If you've seen Dr. House, you'll remember the episode that opened with neurocysticercosis. Although this disease is rare now, it still requires doctors to be vigilant, especially for patients with a corresponding medical history. In this paper, a patient with neurocysticercosis who presents with seizures is used as an example to detail the imaging manifestations of each stage of neurocysticercosis. Let's take a look.

overview

Neurocysticercosis is transmitted by human faeces-oral transmission of tapeworm-carrying tapeworm, while taeniasis is transmitted by ingestion of infected pork. Most of the transmission routes of neurocysticercosis are human-to-human transmission, rather than pig-to-human transmission, as is commonly believed. With frequent international movements, clinicians who encounter epilepsy, particularly those who have lived in developing countries, should consider suspecting that epilepsy, headache, and focal neurological deficits are due to neurocysticercosis, and should determine the staging of the disease by identifying the imaging characteristics of neurocysticercosis.

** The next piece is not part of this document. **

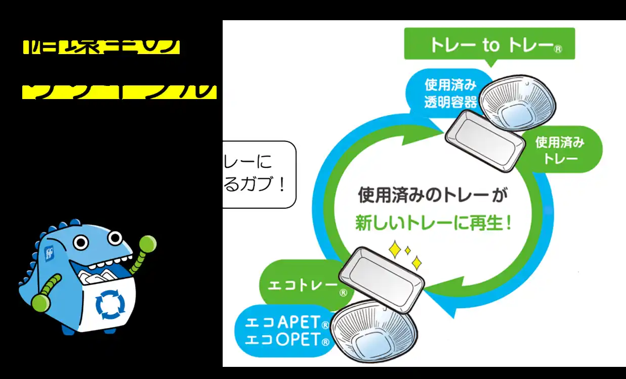 スーパーマーケットやコンビニエンスストアなどで使用される簡易食品容器を製造販売する国内最大手メーカーです。エフピコ方式のリサイクル「トレーtoトレー」「ボトルto透明容器」による地上資源の循環及びCO2 排出量削減、環境負荷の低い容器の開発による省資源化などを通じて、持続可能な社会の実現を目指しています。 |

The patient in the case in this article is a young man who presents with generalized tonic-clonic seizures. He was diagnosed with epilepsy in Malawi and immigrated to the UK from Malawi two years before the onset. Here he did his first MRI examination, which showed multiple cystic lesions that characterize neurocysticercosis.

Life history of cerebral cysts

Neurocysticercosis is a parasitic infection of the nervous system caused by pregnancy nodes or eggs produced by adult pig tapeworms. It is a terroir disease in developing countries, but is becoming more common in developed countries with frequent international movements of people [1].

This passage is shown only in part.